Yeah, that's almost the best thing. Because that means actual respect. That really means something. To be on the top of the "girls singers" list was great, but it's still a qualification. To be able to stand around with a bunch of musicians, regardless of their gender, and just be perceived equally, it's like having straps released, like walking out of some kind of chains. And that sounds histrionic, but I mean it. [Laughs.]
When you got sober in 2009, you said it felt as if a tarp had been removed. Does that dovetail with what you're saying here? Just this sense of increased awareness?
Definitely. You know, being clearer is very, very big. It's huge. I know it helps in writing and in living. "Red Velvet Car," our previous album, was kind of simultaneous with getting sober. Now it's been a couple years. It takes a while for your brain to re-form, for everything that you were trying to cover up on your nerves to come back.
You quit cold turkey. What are the pluses and minuses of doing it that way?
Well, you know, you've got to remember that the word "quit" [pauses], it's a thing where the jury is always out. You only quit once. And every day I say, I'm just happy I didn't get high today. So, so far, for three years, I've been able to be mine. And it's very, very hard all the time. You know, I quit cold turkey because I didn't see the reason to drag it out. I just thought, "Let's face this." And I've got people around me who rely on me, who my life really affects. That's really helped. All the people around really help.
When were you drinking? There aren't any stories of you falling down or not showing up for a gig.
I drank from the time I was probably 18 years old up until three years ago. But I was never the kind of drinker that was falling down or breaking stuff. But I drank every day. And, over time, that really gets to you on a cellular level. It affects everything you do and the attitude you have and it's like wearing a cloak of velvet over every sense. It's like being a child, like being pre-18. I have a whole different feeling of time because when you're addicted to something, all your time is spent thinking, "Yeah, I can do that. But how does my drug fit into that?" You have to work your life around making sure that you have time for your drug first. When that's taken away, you're wide open.
More: Ann and Nancy Wilson talk about their box set
And you're still very much in the process of creating now.
Yeah, I feel that we are. You know, sometimes people around me are like, "So you're going to wind down now after the book?" I don't understand that concept. I started wanting to do this when I was 10 years old. So I can relate to someone like Elton John because he just works all the time. That's who he is. I don't know what he would do in his off time. I hope that they carry me off before I die onstage [laughs], but I just get the most satisfaction and fulfillment out of working.
There's a wonderful photo on your site of you and Mick Jagger. Who else have you met that gave you a moment like, "Oh, my God. I'm sitting here with Mick Jagger"?

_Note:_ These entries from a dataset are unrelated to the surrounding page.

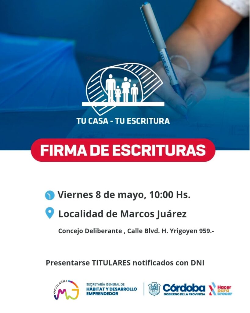 La convocatoria es para el viernes 8 de mayo a las 10 h. Los loteos son: manzanas 58, 108, 109 y 122 del barrio Sur, inmueble del barrio 136 viviendas y manzana 24 del Panal. Los titulares deben presentarse con DNI. En el marco del programa “Tu casa – Tu escritura”, el próximo viernes 8 de mayo a las 10 h, en el Concejo Deliberante de la ciudad de Marcos Juárez, se firmarán nuevas escrituras. Los loteos son los siguientes: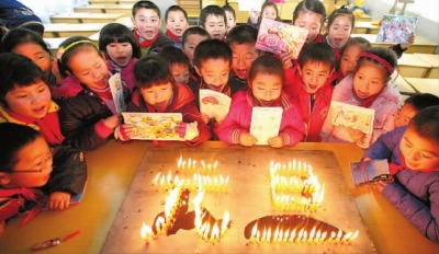 ①2009年12月31日,浙江省舟山市定海区海山小学学生用点燃的蜡烛拼成“元旦”字样,喜迎新年。②2009年12月31日晚,绚丽的焰火在青岛奥帆中心上空绽放,迎接即将到来的2010年。③2009年12月31日晚,中国长春瓦萨国际滑雪节“瓦萨之夜”新年晚会上,演员在演奏马头琴。(新华社发)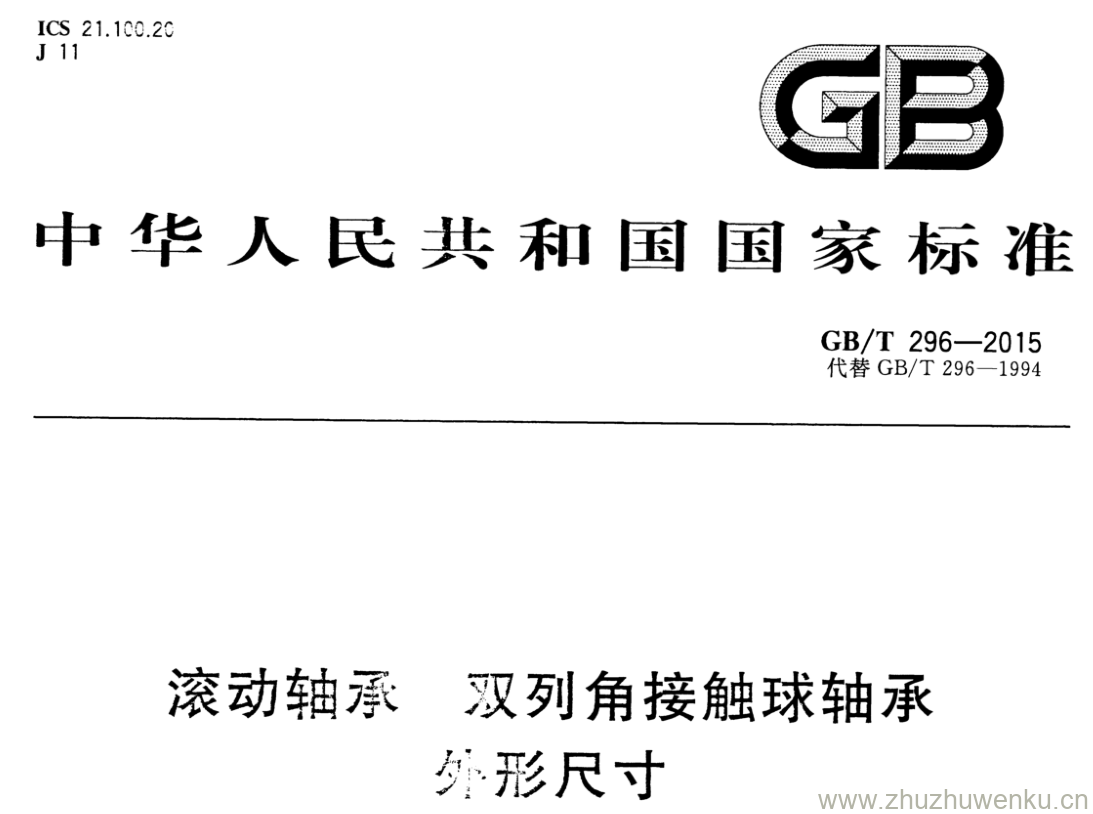 GB/T 296-2015 pdf下载 滚动轴承 双列角接触球轴承 外形尺寸

Bono. Because he is a really amazing person. He's able to sit down with you before a show and not be "BONO" in all caps. And back in the '70s, we were opening for Queen. Both bands went to this amazing restaurant and I was sitting across from Freddie Mercury and I remember thinking, "I'm sitting across from Freddie Mercury." Oh, and Robert Plant would be another one, too.
When I saw those photos of you with Eddie Vedder or Kim Thayil, they seem to look up to you and Nancy in the same way. There's that same sense of admiration and continuation, I would imagine.
Well, maybe, but I think that with those guys, you know, Jerry Cantrell and those guys, in the '90s, we all partied under the clouds here in Seattle. And there was a chance of people dying, so we know each other on a much more personal level. Jerry, in particular, teases me about Heart in the '80s. So, there's an admiration, but it's personal, too. [Laughs.]
We're at the 10-year anniversary of Layne Staley's death. Do you ever really get used to losing someone that close?
No, no, no. It's like losing a part of your heart. There's a chunk of it missing and it feels hollow. And especially when I walk around my property here, where he and I have this history and he and I spent time by the pool and we talked, it's right there. It's almost like he's still here sometimes. It's very hard.